### WHAT THE TASK ASKS
Between the line containing "お花見ブレスレット 桜 さくら サードオニキス 天然石 風水 パワーストーン" and the line containing "It is with these" lies a run of lines; give that run again exactly, with both of those lines, and nothing else from the entries below.

[Opening DATASET CONTENT section]

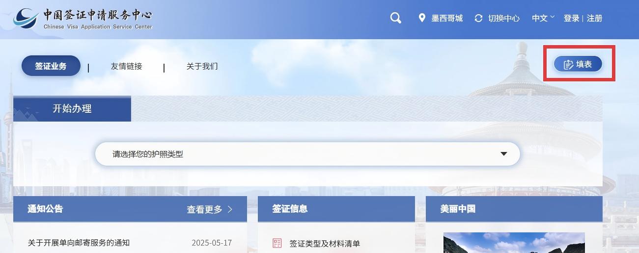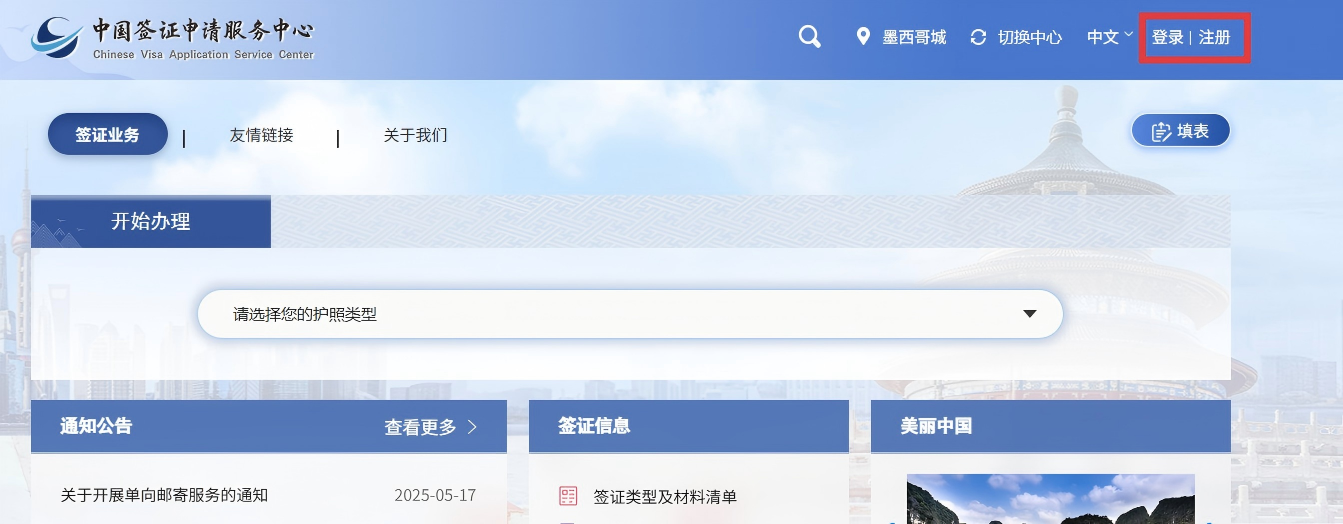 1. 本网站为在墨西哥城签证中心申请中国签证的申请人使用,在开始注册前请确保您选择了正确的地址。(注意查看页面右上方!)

[Closing DATASET CONTENT section]
[Opening DATASET CONTENT section]

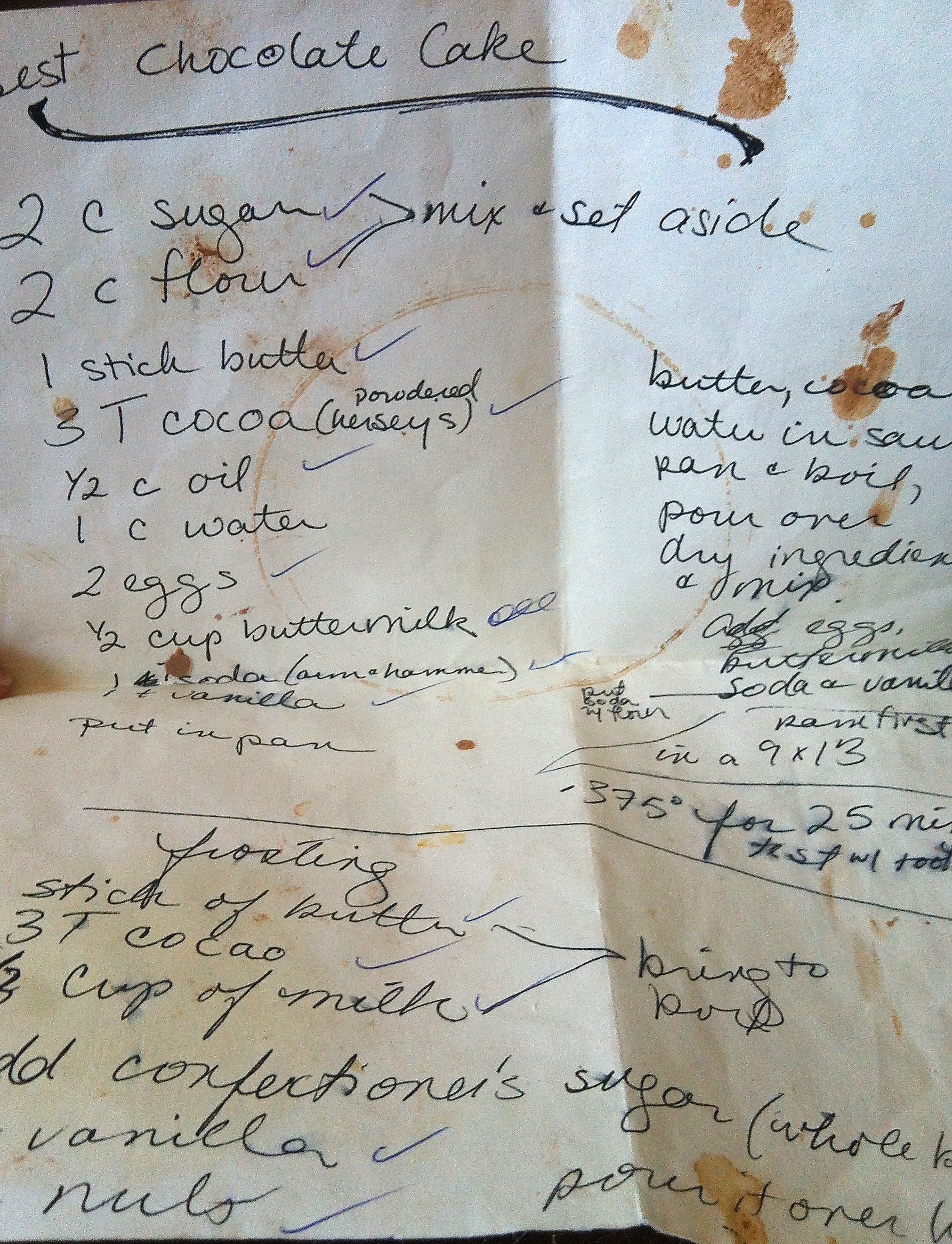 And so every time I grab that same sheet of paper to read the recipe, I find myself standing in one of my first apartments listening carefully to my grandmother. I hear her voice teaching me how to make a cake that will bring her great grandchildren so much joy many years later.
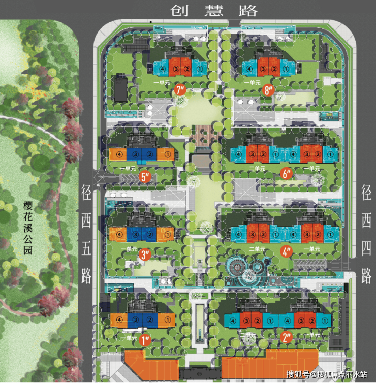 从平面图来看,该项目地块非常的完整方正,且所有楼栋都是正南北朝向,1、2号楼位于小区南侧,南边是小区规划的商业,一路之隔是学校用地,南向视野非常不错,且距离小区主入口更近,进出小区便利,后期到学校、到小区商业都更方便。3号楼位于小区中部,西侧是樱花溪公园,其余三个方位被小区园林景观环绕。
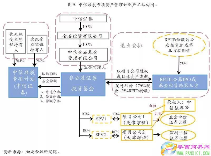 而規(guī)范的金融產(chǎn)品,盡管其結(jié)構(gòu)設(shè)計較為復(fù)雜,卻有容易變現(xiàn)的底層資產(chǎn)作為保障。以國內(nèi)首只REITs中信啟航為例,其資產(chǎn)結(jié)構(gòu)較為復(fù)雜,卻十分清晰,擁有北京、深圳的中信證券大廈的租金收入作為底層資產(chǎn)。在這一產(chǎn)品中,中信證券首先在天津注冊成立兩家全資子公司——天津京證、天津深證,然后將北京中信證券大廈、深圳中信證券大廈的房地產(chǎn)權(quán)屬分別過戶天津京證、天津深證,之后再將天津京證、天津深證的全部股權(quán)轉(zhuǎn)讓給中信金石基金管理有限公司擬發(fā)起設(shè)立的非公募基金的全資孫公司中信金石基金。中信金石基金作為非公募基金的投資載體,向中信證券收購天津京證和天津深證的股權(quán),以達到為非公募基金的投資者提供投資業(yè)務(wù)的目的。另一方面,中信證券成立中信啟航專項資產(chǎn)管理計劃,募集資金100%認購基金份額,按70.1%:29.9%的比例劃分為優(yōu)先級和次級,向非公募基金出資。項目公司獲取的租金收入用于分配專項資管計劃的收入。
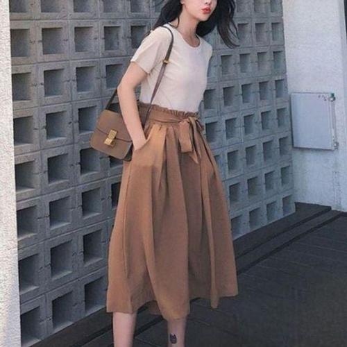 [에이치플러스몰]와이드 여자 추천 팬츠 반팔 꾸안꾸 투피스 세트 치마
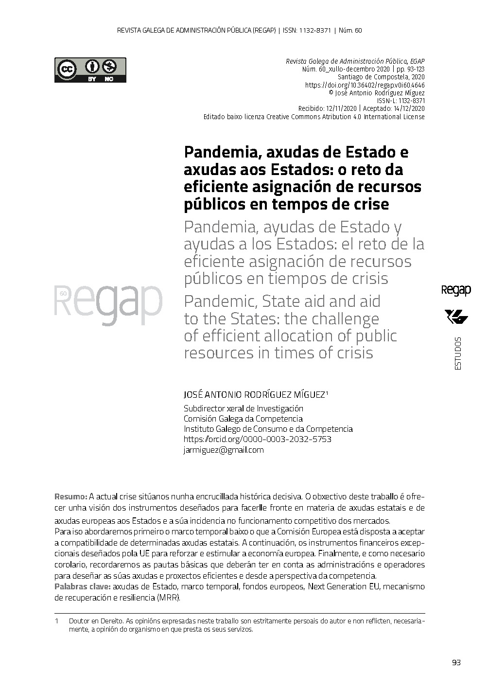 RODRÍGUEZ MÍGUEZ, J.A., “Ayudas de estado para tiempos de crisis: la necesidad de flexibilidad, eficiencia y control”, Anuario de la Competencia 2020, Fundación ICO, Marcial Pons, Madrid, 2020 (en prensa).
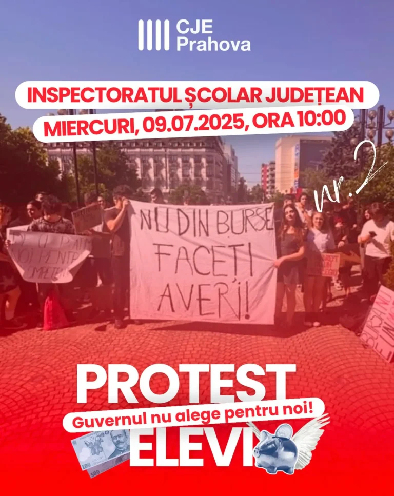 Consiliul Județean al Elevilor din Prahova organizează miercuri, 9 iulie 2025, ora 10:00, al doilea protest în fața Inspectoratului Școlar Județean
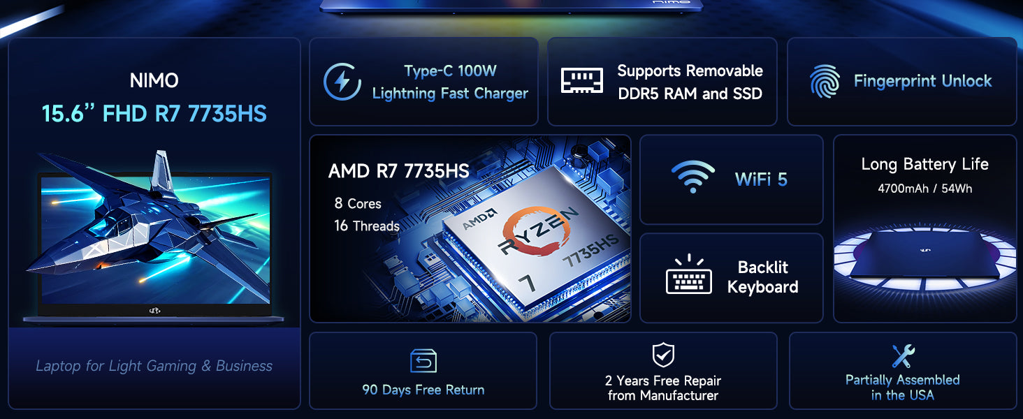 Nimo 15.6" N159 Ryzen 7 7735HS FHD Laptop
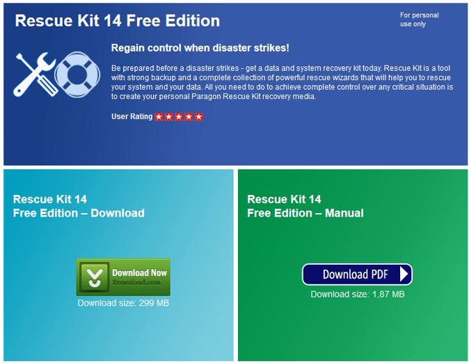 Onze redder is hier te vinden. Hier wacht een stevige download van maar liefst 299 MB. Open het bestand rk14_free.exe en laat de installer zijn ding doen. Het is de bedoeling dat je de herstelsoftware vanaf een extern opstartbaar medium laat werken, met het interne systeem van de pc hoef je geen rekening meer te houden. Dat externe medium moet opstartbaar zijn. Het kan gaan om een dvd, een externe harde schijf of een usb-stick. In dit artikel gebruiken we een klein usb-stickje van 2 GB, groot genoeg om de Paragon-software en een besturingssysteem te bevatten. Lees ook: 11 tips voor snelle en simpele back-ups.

[Closing DATASET CONTENT section]
[Opening DATASET CONTENT section]

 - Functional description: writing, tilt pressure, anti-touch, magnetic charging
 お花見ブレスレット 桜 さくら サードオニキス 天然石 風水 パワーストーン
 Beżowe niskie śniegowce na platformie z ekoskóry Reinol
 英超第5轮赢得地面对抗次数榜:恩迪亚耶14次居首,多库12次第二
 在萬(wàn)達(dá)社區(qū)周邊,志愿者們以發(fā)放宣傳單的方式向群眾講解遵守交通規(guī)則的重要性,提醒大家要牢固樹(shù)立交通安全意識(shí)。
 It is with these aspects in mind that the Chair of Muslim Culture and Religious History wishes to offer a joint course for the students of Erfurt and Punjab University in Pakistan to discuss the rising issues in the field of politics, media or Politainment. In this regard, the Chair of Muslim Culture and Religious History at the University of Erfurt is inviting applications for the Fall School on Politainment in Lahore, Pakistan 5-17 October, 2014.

[Closing DATASET CONTENT section]

### RESPONSE AREA
 お花見ブレスレット 桜 さくら サードオニキス 天然石 風水 パワーストーン
 Beżowe niskie śniegowce na platformie z ekoskóry Reinol
 英超第5轮赢得地面对抗次数榜:恩迪亚耶14次居首,多库12次第二
 在萬(wàn)達(dá)社區(qū)周邊,志愿者們以發(fā)放宣傳單的方式向群眾講解遵守交通規(guī)則的重要性,提醒大家要牢固樹(shù)立交通安全意識(shí)。
 It is with these aspects in mind that the Chair of Muslim Culture and Religious History wishes to offer a joint course for the students of Erfurt and Punjab University in Pakistan to discuss the rising issues in the field of politics, media or Politainment. In this regard, the Chair of Muslim Culture and Religious History at the University of Erfurt is inviting applications for the Fall School on Politainment in Lahore, Pakistan 5-17 October, 2014.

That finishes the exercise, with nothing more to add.